今回の感じであれば、打倒ライアン・ガルシアの候補(?)は割と多いのかもしれない。
 
ガードが固く根気よく追い回せる&接近戦が得意なタイプ。
もしくは中間距離から一足飛びで間合いを詰められる&1発の威力を兼ね備えたタイプ。
 
S・ライト級のランキングをざっと眺めたところ、たとえば前者はホセ・カルロス・ラミレス、後者はテオフィモ・ロペスが合致するのではないか。
 
ホセ・ラミレスなら今回のドゥアルテ以上の圧力で追い回せそう、テオフィモならガルシアのバックステップより早く1発を当てられそう。
 
もちろん逆のパターンも十分考えられる。
 
ラミレスはジョシュ・テイラーのカウンターでダウンを喫した。テオフィモ・ロペスはサンドール・マーティンのカウンターで膝をつかされている。

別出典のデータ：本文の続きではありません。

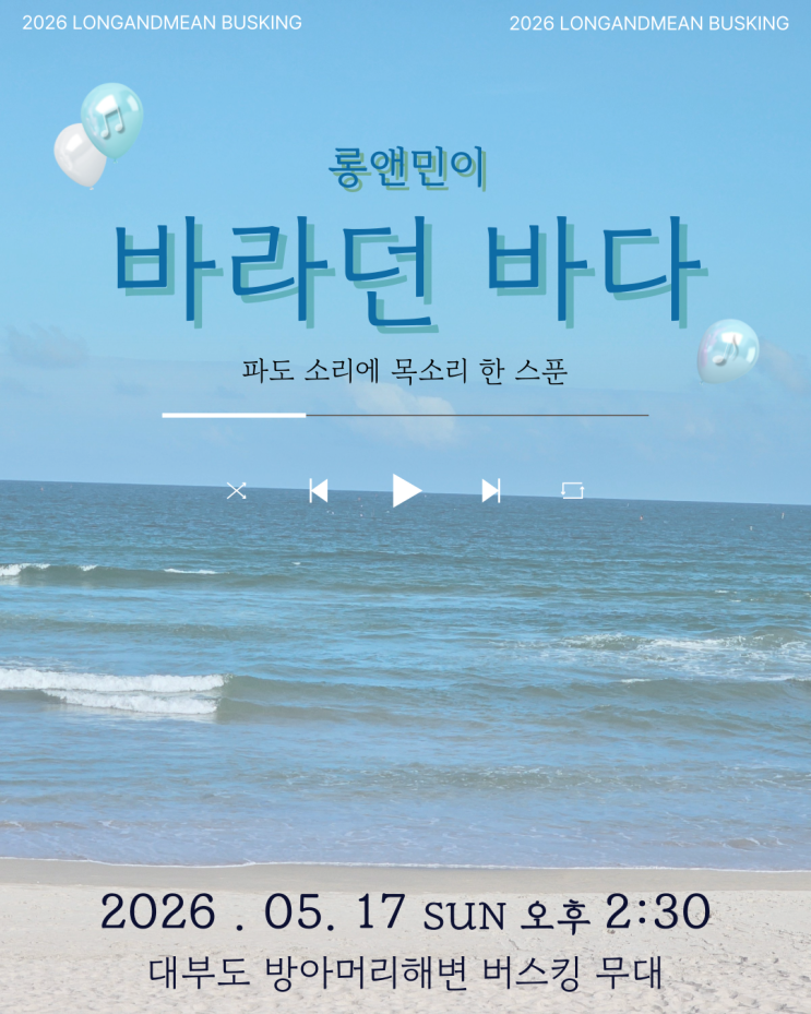 안녕하세요 '꿈을만드는노래소리' 안산실용음악학원 롱앤민보컬아카데미 초지점 입니다:) 이번 버스킹은 조금 더 특별한 의미를 담고 있습니다 "롱앤민이 바라던 바다" 파도 소리 위에 아이들의 목소리를 얹는 그 순간을 만들어보려고 합니다 처음으로 떠나는 바다 무대 대부도 방아머리해변 "롱앤민이 바라던 바다" 일시: 2026년 05월 17일 일요일 오후 2:30분 장소: 대부도 방아머리해변 버스킹 무대 이번에는 조금 더 넓은 공간으로 나아갑니다!! 바로 대부도 방아머리해변 버스킹 무대✨ 바다를 배경으로 아이들이 노래를 부르는 순간은 그 자체로 잊지 못할 기억이 될 거 같은데요 파도....... <img src="https://blogthumb.pstatic.net/MjAyNjA0MjBfMTk3/MDAxNzc2NjY4Nzg3NjY0.uS2sLkTSdsfQKICpTYj4G5dUF9D7TVkMR_L4GTWqK0kg.NkKYHnAzhn1dCaTGQU2v_YwKF50AunF-30KWvacZg-Mg.PNG/KakaoTalk_20260420_153128073.png?type=s3" />

ガルシアの左カウンターが先に当たってもまったおかしくはない。
 
ジョシュ・テイラーが負けただと…? 絶好調のテオフィモ・ロペスがテイラーのカウンターをボディで攻略、見事2階級制覇。際どい試合だったけどロペスががんばりましたね
 
しかもランキング的に将来的な対戦があり得るのも……。
 
何とも言えないところだが、どこかの段階でGBPとトップランクが協力することを(勝手に)期待する。